Les volontaires ont été mis en situation de double-aveugle et avaient des paires de lasers spécialement calibrées sur différentes parties de leur corps. Ces lasers provoquaient une brève sensation de douleur de piqûre d’épingle. Parfois, seul un laser était activé, et parfois les deux étaient activés, sans que les patients le sachent. On leur demandait ensuite s’ils ressentaient une ou deux piqûres, à différentes distances entre les deux faisceaux lasers. Les chercheurs ont enregistré la distance minimum entre les faisceaux à laquelle les gens étaient en mesure de dire avec précision s’il y avait une ou deux piqûres.

“Cette mesure nous apprenait comment les gens pouvaient localiser avec précision la source de la douleur sur différentes parties de leur corps” explique le Dr Giandomenico Iannetti, auteur de l’étude. “Le toucher et la douleur sont transportés par différents systèmes sensoriels. Alors que l’acuité tactile a bien été étudiée, l’acuité de la douleur a largement été ignorée, loin derrière l’affirmation scolaire selon laquelle la douleur a une acuité plus faible que le toucher. Nous avons découvert le contraire : l’acuité du toucher et de la douleur sont en fait très similaires. La principale différence se situe dans leurs gradients à travers le corps. Par exemple, l’acuité de la douleur à travers le bras est beaucoup plus élevée sur l’épaule que sur le poignet, alors que c’est le contraire pour le toucher.

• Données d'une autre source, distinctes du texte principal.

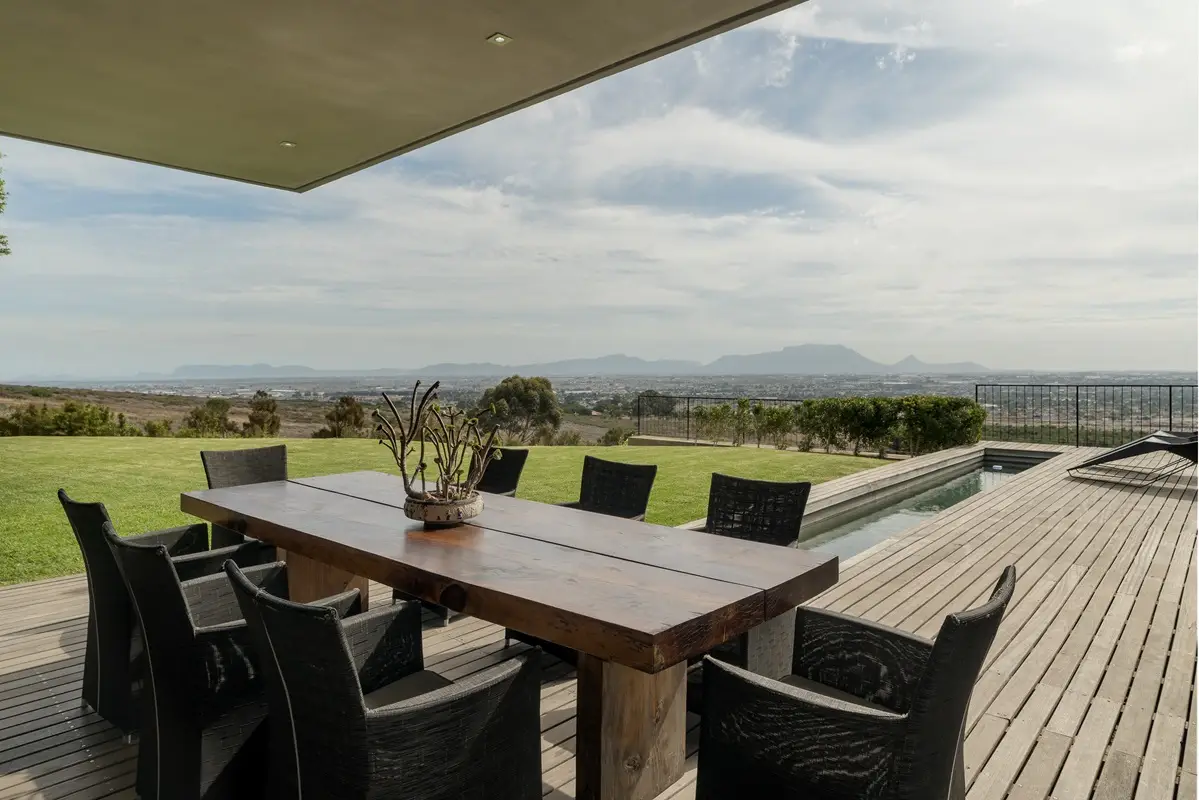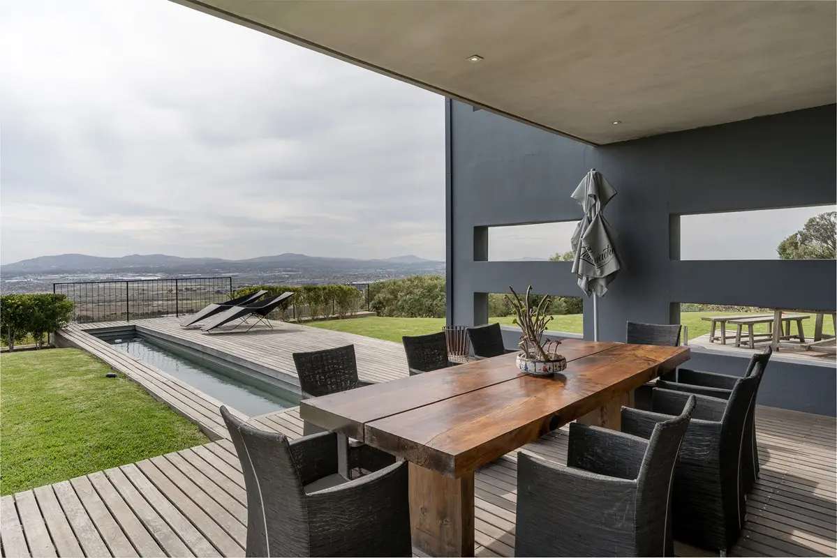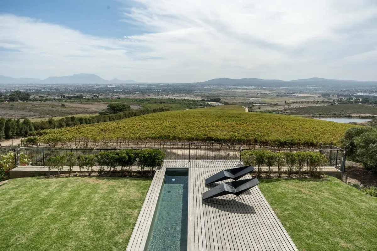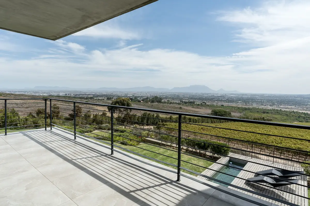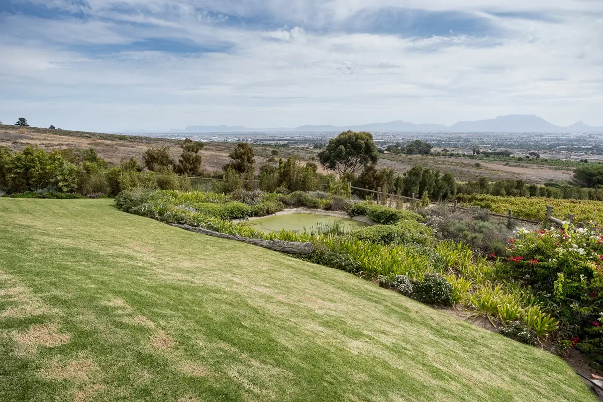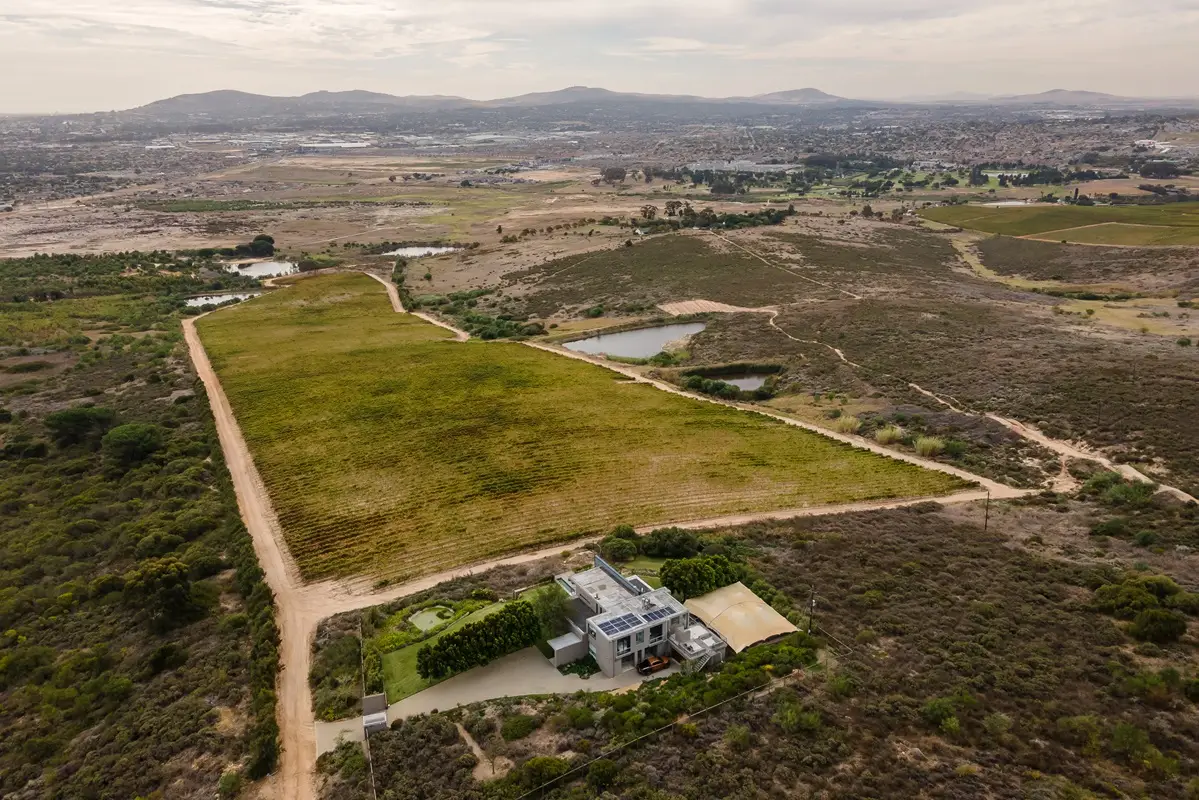 Situated on the urban edge of Stellenbosch, this property borders the Bottelary Hills Conservancy: 106 hectares of Potential Awaits you. Bottelary Hills is known as the sub region of Stellenbosch. Live the dream of the Winelands: This exceptional property offers an unique opportunity to own an expansive piece of land. Nestled on a hill, this agricultural zoned land boasts private, peaceful living with abundant possibilities, and a touch of luxury living. Vineyard Escape: Immerse yourself in the world-renowned Stellenbosch wine region. 10 hectares of established Shiraz vines grace the property, offering the potential to continue the legacy or explore new grape varietals. Envision rows of plump grapes ripening under the warm South African sun, ready to be transformed into exquisite wines. Luxury Living with a View: Ascend the gentle slopes and discover a masterpiece designed by WP Bosch. This sprawling 497 square meter, three bedroom residence defines sophisticated living. All bedrooms boast luxurious ensuite bathrooms, providing a private sanctuary for you and your guests. Imagine unwinding on the spacious entertainment area, soaking in the breath-taking sunsets as the iconic Table. Mountain paints the horizon with fiery hues. Sustainable Sanctuary: This forward-thinking property embraces sustainability principles with its off-the-grid design. Live lightly on the land while enjoying the ultimate in modern comforts. Endless Potential: Invest in the future and explore the rezoning possibilities. The vast expanse of land offers a blank canvas for development projects, catering to the ever-growing demand in Stellenbosch. Alternatively, expand the existing vineyard, solidifying your position within the prestigious Stellenbosch wine industry.

L’acuité pour le toucher et la douleur sont normalement corrélées avec la densité des fibres nerveuses disponibles dans chaque partie du corps. Cependant, les extrémités des doigts restent très sensibles bien qu’elles aient une faible densité de cellules nerveuses qui ressentent la douleur.

“La forte acuité de la douleur des extrémités des doigts est quelque-chose de mystérieux qui demande plus de recherches” explique le Dr Mancini. “Cela pourrait venir de ce que les gens utilisent régulièrement les bouts de leurs doigts, ainsi le système nerveux central pourrait apprendre à traiter l’information avec précision.”

Ces résultats pourront avoir d’importantes implications dans l’évaluation de la douleur aigüe et chronique. “La douleur chronique touche des millions d’individus chaque année, et nous n’avons toujours pas de moyen fiable et reproductible de tester l’acuité de la douleur des patients” disent les scientifiques. “Cette méthode promet de pouvoir tester l’état du réseau de la douleur à travers le corps. La douleur chronique est souvent causée par des nerfs endommagés, mais cela est incroyablement difficile à enregistrer et à traiter. La méthode au laser nous permet d’enregistrer les dégâts nerveux à travers tout le corps, ce qui offre une façon quantitative de voir si une condition empire ou s’améliore.”

Références :

[1] Whole-body mapping of spatial acuity for pain and touch. Annals of Neurology, Vol. 75, Iss. 6, 2014, pp : 917–924, Flavia Mancini, Armando Bauleo, Jonathan Cole, Fausta Lui, Carlo A. Porro, Patrick Haggard, Gian Domenico Iannetti.